The run_pipeline.sh script calls a Snakemake workflow (workflows/Snakefile). This is the core of the analysis and does the following:

It uses a conda environment so it shas the Python libraries and other software it needs to run. This information is from the env/config.sample.yaml file.
Next, it gets the count file names from a specific directory and stores them in a list, along with the cell line names extracted from the file names.
It defines a rule named all which specifies the final output files that the workflow should produce. The expand function is used to generate multiple file paths by substituting the {cell_line} wildcard with each cell line name in the cell_line_list. {cell_line} is a wildcard that gets replaced with actual cell line names when the workflow is run. This allows the same rule to be used for multiple cell lines.
Next there's a series of steps defined by each of these "rules". Each of these steps has their input, output, and separate conda environment, parameters, log file, and shell command to execute that need to be specified.

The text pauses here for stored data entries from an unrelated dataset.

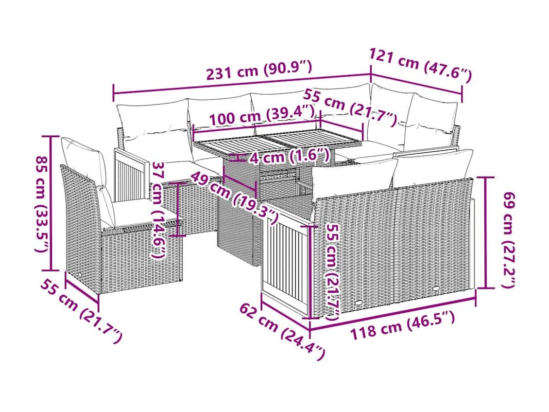 Salon de jardin 9 pcs avec coussins gris résine tressée
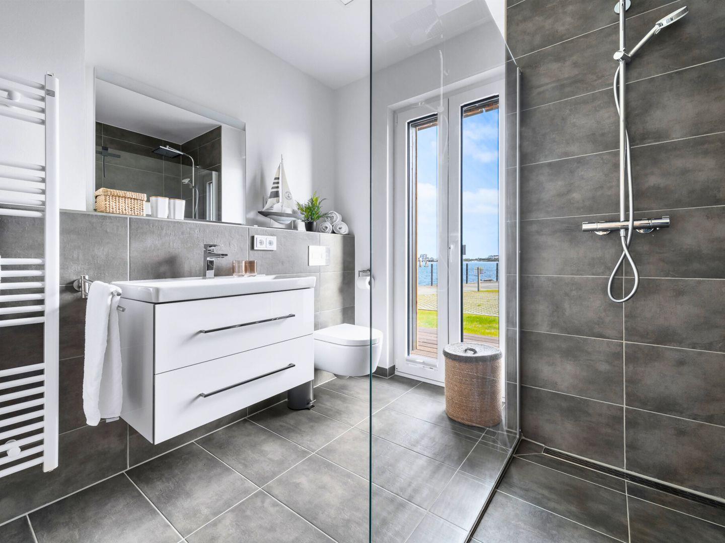 Auch das Badezimmer der Ferienwohnung im Ostsee Resort Olpenitz lässt keine Wünsche offen. Es verfügt über eine exklusive Ausstattung, zu der eine Infrarotsauna und eine Regendusche gehören. Hier finden Sie alles, um Ihren erholsamen Ostseeurlaub perfekt zu machen.
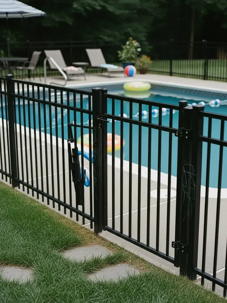This pool area features a black metal fence with vertical bars and a simple gate for easy access. The fence surrounds the pool evenly and pairs nicely with the bright water and green lawn. It feels familiar, sturdy, and well suited for an active backyard.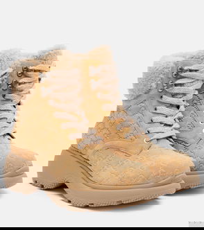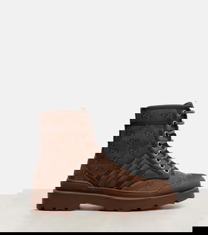 Inspired by military styles, Gucci's ankle boots are made from leather and debossed with the label's signature 'GG' motif all-over. They're set on chunky rubber soles and have pull tab and gold-tone hook eyelets for the laces. Wear them with everything from jeans to dresses.

Each step has these settings (I've described in plain speak what these are generally for).

input:
    "This builds together the input file name using the wildcards specified at the start of the file"
output:
    "This specifies where the output results files should be stored"
conda:
    "This tells us where the conda environment file is for this step so we have the packages we need"
params:
    "This is defining the files and folders and other parameters"
log:
    "Where the log should be stored"
shell:
    "A shell command to be run that has the wildcards that are defined above -- this is what is doing the work"

Core steps in the workflow:

In the snakefile you can see where this is called, but if you want to see what is happening in the actual step you need to look at the corresponding Rmd file in the scripts folder.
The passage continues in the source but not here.